How can stock indices like STI and DJIA be allowed to track only "selective companies" while property indices have to track ALL properties "across the island"?
This allows some people here to claim that stocks outperform properties over the long term, which is
NONSENSE.
That's like saying Nigerians are wealthier than Singaporeans because the top 30 Nigerians have an average networth greater than the average of ALL Singaporeans.
I have compiled
JLRX's Singapre PROPERTISM Index (
JSPI).
The
JSPI index tracks 30 "selected" properties (same as the number of stocks in STI).
METHODOLOGY OF JLRX PROPERTISM INDEX (JSPI)
Same methology as stock indices throughout the world.

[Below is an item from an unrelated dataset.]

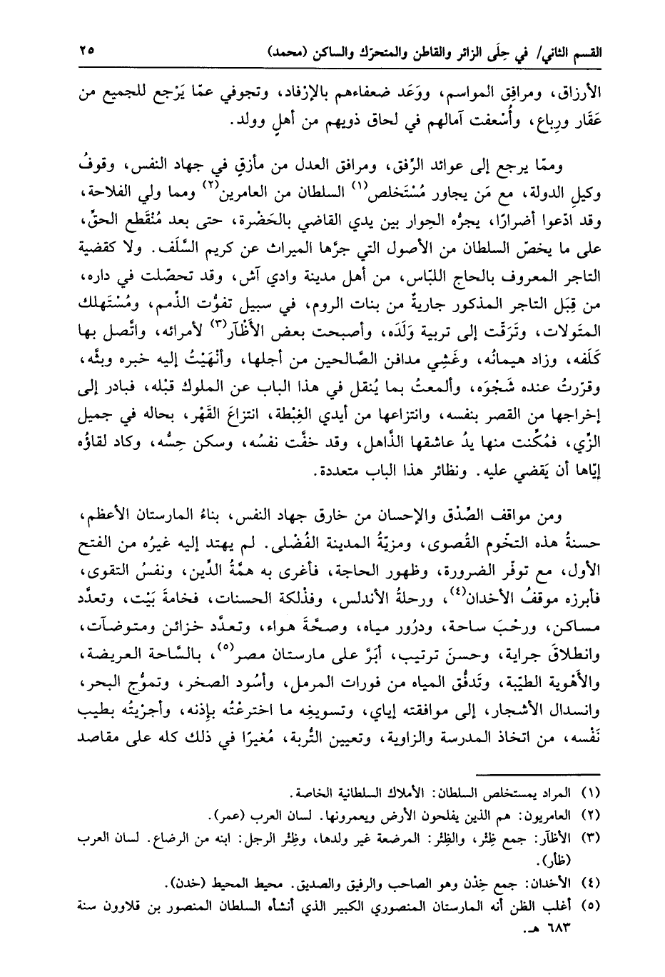 ومن مواقف الصّدق والإحسان من خارق جهاد النفس، بناء المارستان الأعظم، حسنة هذه التخوّم القصوى، ومزيّة المدينة الفضلى. لم يهتد إليه غيره من الفتح الأول، مع توفّر الضرورة، وظهور الحاجة، فأغرى به همّة الدّين، ونفس التقوى، فأبرزه موقف الأخدان «4» ، ورحلة الأندلس، وفذلكة الحسنات، فخامة بيت، وتعدّد مساكن، ورحب ساحة، ودرور مياه، وصحّة هواء، وتعدّد خزائن ومتوضآت، وانطلاق جراية، وحسن ترتيب، أبرّ على مارستان مصر «5» ، بالسّاحة العريضة، والأهوية الطيّبة، وتدفّق المياه من فورات المرمل، وأسود الصخر، وتموّج البحر، وانسدال الأشجار، إلى موافقته إياي، وتسويغه ما اخترعته بإذنه، وأجريته بطيب نفسه، من اتخاذ المدرسة والزاوية، وتعيين التّربة، مغيرا في ذلك كله على مقاصد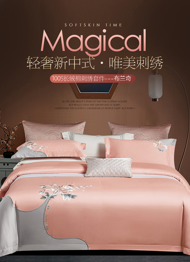 (总)诗黛尔 2025秋冬新款长绒棉刺绣风生水起系列四件套,风生水起-落樱粉,风生水起-南瓜橘,风生水起-绅士灰,风生水起-水晶兰,风生水起-香槟金,风生水起-油果绿

Includes only 30 "selective" properties.
Example 1: Farrer Court transacted $380,000 on 21 Jan 2002 and en bloced at $2.4 million on 28 Jun 2007 (up 532%).
Example 2: Margate Road detached houses transacted $306 psf on 12 July 2001 and $1,815 psf on 12 Nov 2007 (up 493%).
The average return of JSPI "selective" properties is
as representative of all properties in Singapore as STI is of Singapore's stock market. The average return of properties was 500% over the past 10 years.
JLRX is pleased to superimpose JLRX Singapore PROPERTISM Index (JSPI) onto the URA property index, NUS's Singapore Residential Price Index (SRPI) and the Straits Times Index (STI).
It clearly shows that Singapore properties have appreciated by 500% over the last ten years, compared to a miserable 46% for the Straits Times Index (STI) and (not shown to avoid contaminating the graph) the DJIA which has appreciated 0% over the last 10 years.